==== Source data

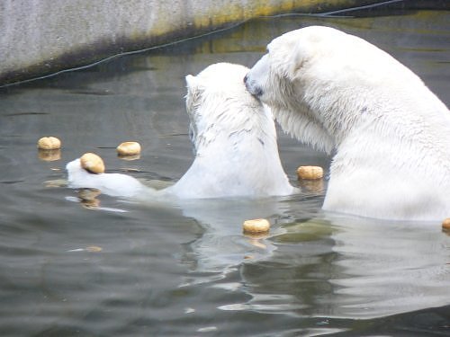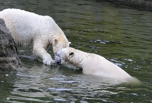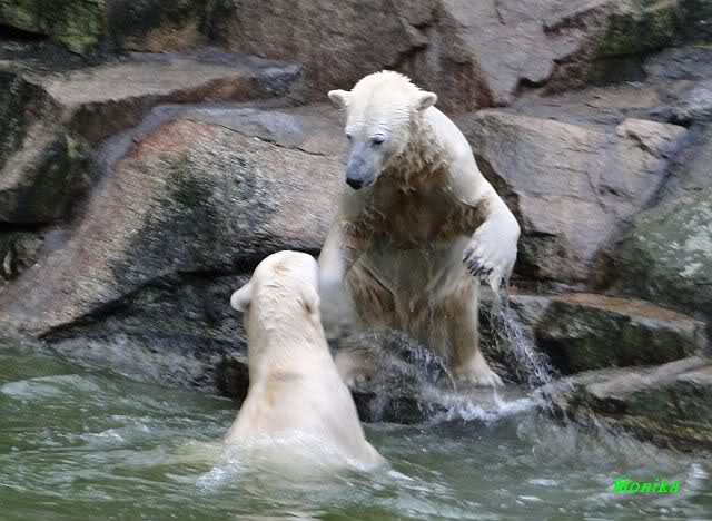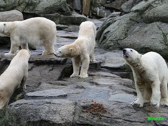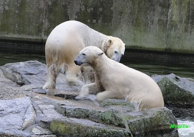 Wow, das war ja heute wieder ein toller Tag bei Knut & Co. Die Fotos zeigen es ja klar und deutlich. Was für eine Entwicklung auf dem Eisbärenfelsen.
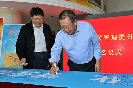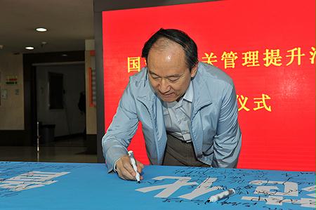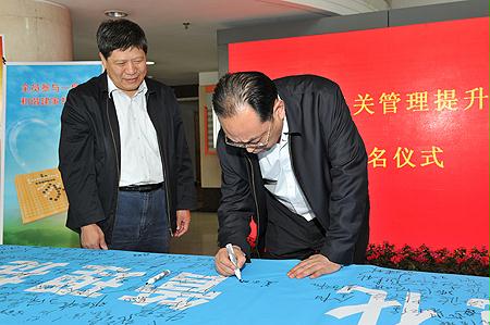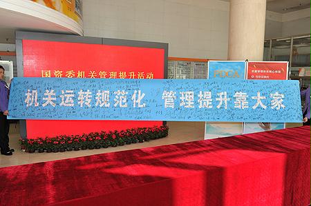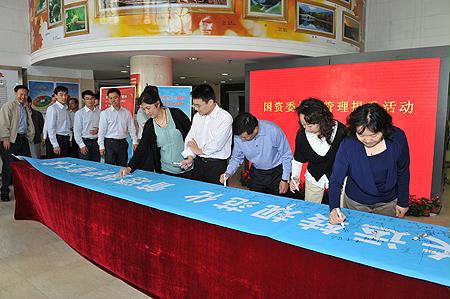 10月9日,國資委機關管理提升活動領導小組辦公室和直屬機關黨委共同組織了機關管理提升活動簽名儀式,國資委領導王勇、黃淑和、邵寧、黃丹華、金陽、孟建民、姜志剛,在家的監事會主席,副秘書長閻曉峰、郭建新和機關黨員干部分別在西便門和安定門辦公區參加了簽名活動。
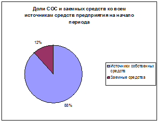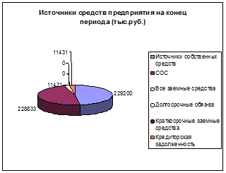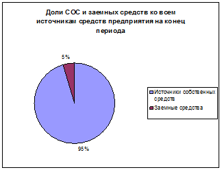 По источникам средств предприятия можно отметить, что их общая сумма возросла на конец отчетного периода на 513,09%. Это произошло в связи с увеличением собственного капитала на 561,19%, который составляет 95,25% от её общей суммы. Наблюдается увеличение суммы заемных средств на 149,37%, которые составляют 75% от общей суммы источников средств. А при увеличении заемных средств на 149,37% наблюдается снижение их доли во всех источниках средств фирмы на 4,75%.
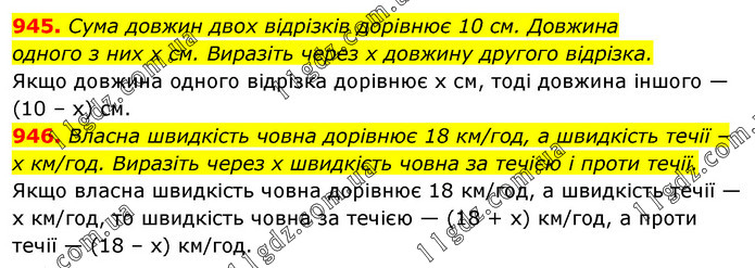 945. Сума довжин двох відрізків дорівнює 10 см. Довжина одного з них х см. Виразіть через х довжину другого відрізка. Якщо довжина одного відрізка дорівнює х см, тоді довжина іншого — (10 – х) см. 946. Власна швидкість човна дорівнює 18 км/год, а швидкість течії – х км/год. Виразіть через х швидкість човна за течією і проти течії. Якщо власна швидкість човна дорівнює 18 км/год, а швидкість течії — х км/год, то швидкість човна за течією — (18 + х) км/год, а проти течії — (18 – х) км/год.

========

Print out the material verbatim, skipping pictures.

Written reply.
 Wow, das war ja heute wieder ein toller Tag bei Knut & Co. Die Fotos zeigen es ja klar und deutlich. Was für eine Entwicklung auf dem Eisbärenfelsen.
 10月9日,國資委機關管理提升活動領導小組辦公室和直屬機關黨委共同組織了機關管理提升活動簽名儀式,國資委領導王勇、黃淑和、邵寧、黃丹華、金陽、孟建民、姜志剛,在家的監事會主席,副秘書長閻曉峰、郭建新和機關黨員干部分別在西便門和安定門辦公區參加了簽名活動。
 По источникам средств предприятия можно отметить, что их общая сумма возросла на конец отчетного периода на 513,09%. Это произошло в связи с увеличением собственного капитала на 561,19%, который составляет 95,25% от её общей суммы. Наблюдается увеличение суммы заемных средств на 149,37%, которые составляют 75% от общей суммы источников средств. А при увеличении заемных средств на 149,37% наблюдается снижение их доли во всех источниках средств фирмы на 4,75%.
 945. Сума довжин двох відрізків дорівнює 10 см. Довжина одного з них х см. Виразіть через х довжину другого відрізка. Якщо довжина одного відрізка дорівнює х см, тоді довжина іншого — (10 – х) см. 946. Власна швидкість човна дорівнює 18 км/год, а швидкість течії – х км/год. Виразіть через х швидкість човна за течією і проти течії. Якщо власна швидкість човна дорівнює 18 км/год, а швидкість течії — х км/год, то швидкість човна за течією — (18 + х) км/год, а проти течії — (18 – х) км/год.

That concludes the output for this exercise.